NumPy의 arrays() 메서드로 파이썬에서 백터 표현

odd_vector = np.array([1, 3, 5, 7, 9])

What is a Word Embedding?

vector representations of a word
English word embedding model
nlp = spacy.load('en')
nlp('love').vector
- nlp라는 변수에 spacy 모델 로드하는게 관례
- 단어의 벡터 representation 얻기위해 .vector적용하기

단어를 밀집 벡터(dense vector)의 형태로 표현하는 방법을 워드 임베딩(word embedding).
임베딩 벡터(embedding vector) : 이 밀집 벡터를 워드 임베딩 과정을 통해 나온 결과

Distance

3 distance between vectors

Manhattan distance = city block distance
: sum of the differences across each individual dimension of the vectors
Euclidean distance = straight line distance : the square root of the sum of the squares of the differences in each dimension
cosine distance : angle between two vectors

functions from SciPy 로 이런 백터 구하기 가능

from scipy.spatial.distance import cityblock, euclidean, cosine

vector_a = np.array([1,2,3])
vector_b = np.array([2,4,6])

# Manhattan distance:
manhattan_d = cityblock(vector_a,vector_b) # 6

# Euclidean distance:
euclidean_d = euclidean(vector_a,vector_b) # 3.74

# Cosine distance:
cosine_d = cosine(vector_a,vector_b) # 0.0

Word Embeddings Are All About Distance

백터값 자체는 의미가 없음. 이게 서로 얼마나 유사한지 등이 중요함.
gain value in word embeddings from comparing the different word vectors and seeing how similar or different they are

Word2vec

statistical learning algorithm that develops word embeddings from a corpus of text
단어 간 유사도를 반영할 수 있도록 단어의 의미를 벡터화 할 수 있는 방법

Word2Vec에는 CBOW(Continuous Bag of Words)와 Skip-Gram 두 가지 방식 있음

CBOW(Continuous Bag of Words) : 주변에 있는 단어들을 가지고, 중간에 있는 단어들을 예측하는 방법
Skip-Gram : 중간에 있는 단어로 주변 단어들을 예측하는 방법

CBOW

한 문장에서 빈 단어 예측하기. 예측해야하는 단어 = center word, 예측에 사용하는 주변단어 = context word
중심 단어를 예측하기 위해서 앞, 뒤로 몇 개의 단어를 볼지를 결정했다면 이 범위를 윈도우(window)
윈도우를 계속 움직여서 주변 단어와 중심 단어 선택을 바꿔가며 학습을 위한 데이터 셋을 만들 수 있는데, 이 방법을 슬라이딩 윈도우(sliding window)

Skip-Gram

중심 단어에서 주변 단어를 예측

Gensim

파이썬의 gensim 패키지에는 Word2Vec을 지원
With gensim, however, we are able to build our own word embeddings on any corpus of text we like
train a word2vec model on our own corpus of text
model = gensim.models.Word2Vec(corpus, size=100, window=5, min_count=1, workers=2, sg=1)
- size : how many dimensions our word embeddings will include.
To view the entire vocabulary used to train the word embedding model

vocabulary_of_model = list(model.wv.vocab.items())

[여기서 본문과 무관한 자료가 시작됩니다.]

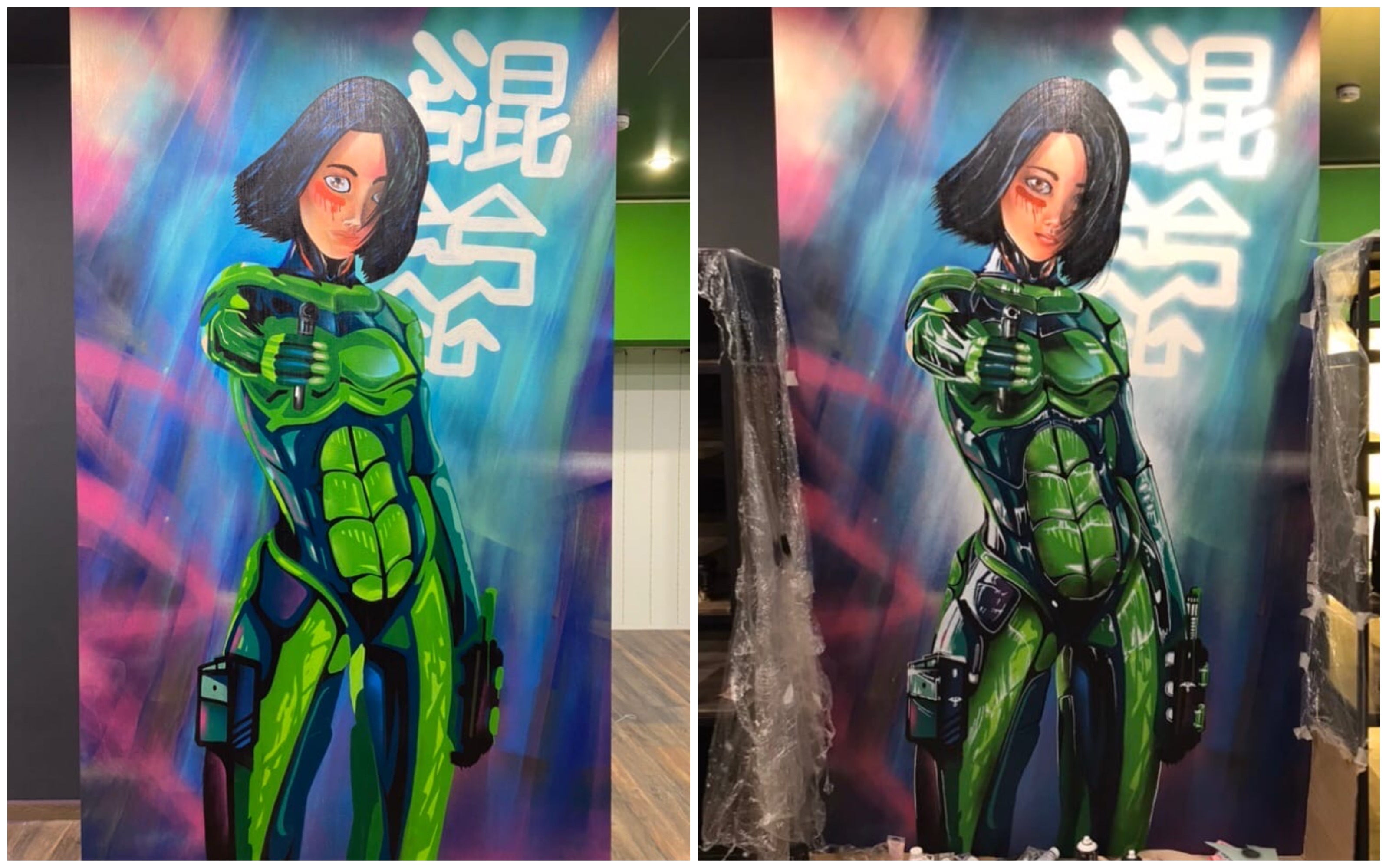 Недавно я столкнулась с нетипичной для себя задачей — дорисовать и оживить работу другого художника. Это был трёхметровый в высоту рисунок на стене с изображением девушки-киборга Алиты. Основа была заложена хорошая, но для полного восторга заказчика не хватало бликов и объема. Так как портреты — это мой конёк, я полностью перерисовала черты лица, добавила эффект свечения на фон и неоновые буквы, проработала светотени, и картинка заиграла. У меня не было цели как-то осквернить труд другого художника и уж тем более приписывать этот проект полностью себе. Я считаю, что получился крутой творческий тандем, и именно наш общий вклад помог сделать еще несколько людей счастливыми.

To easily find which vectors gensim placed close together in its word embedding model

model.most_similar("my_word_here", topn=100)
which term is furthest from the others

model.doesnt_match(["asia", "mars", "pluto"])

example

import gensim
from nltk.corpus import stopwords
from romeo_juliet import romeo_and_juliet

# load stop words
stop_words = stopwords.words('english')

# preprocess text
romeo_and_juliet_processed = [[word for word in romeo_and_juliet.lower().split() if word not in stop_words]]

# view inner list of romeo_and_juliet_processed
print(romeo_and_juliet_processed[0][:20])

# train word embeddings model
model = gensim.models.Word2Vec(romeo_and_juliet_processed , size=100, window=5, min_count=1, workers=2, sg=1)

# view vocabulary
vocabulary = list(model.wv.vocab.items())
print(vocabulary)


# similar to romeo
similar_to_romeo= model.most_similar("romeo", topn=20)
print(similar_to_romeo)

# one is not like the others
not_star_crossed_lover = model.doesnt_match(["romeo", "juliet", "mercutio"])
print(not_star_crossed_lover)

Review

Vectors : containers of information,
can have anywhere from 1-dimension to thousands of dimensions
Word embeddings : are vector representations of a word, where words with similar contexts are represented with vectors that are closer together
spaCy is a package to view and use pre-trained word embedding models
The distance between vectors can be calculated in many ways, and the best way for measuring the distance between higher dimensional vectors is cosine distance
Word2Vec is a shallow neural network model that can build word embeddings using either continuous bag-of-words or continuous skip-grams
Gensim is a package that allows us to create and train word embedding models using any corpus of text

import spacy
from scipy.spatial.distance import cosine

# load word embedding model
nlp = spacy.load('en')

# define word embedding vectors
sponge_vec = nlp("sponge").vector
starfish_vec = nlp("starfish").vector
squid_vec = nlp("squid").vector



# compare vectors with cosine distance

dist_sponge_star = cosine(sponge_vec,starfish_vec)
dist_sponge_squid = cosine(sponge_vec,squid_vec)
dist_star_squid = cosine(starfish_vec,squid_vec)

print(dist_sponge_star,
dist_sponge_squid,
dist_star_squid)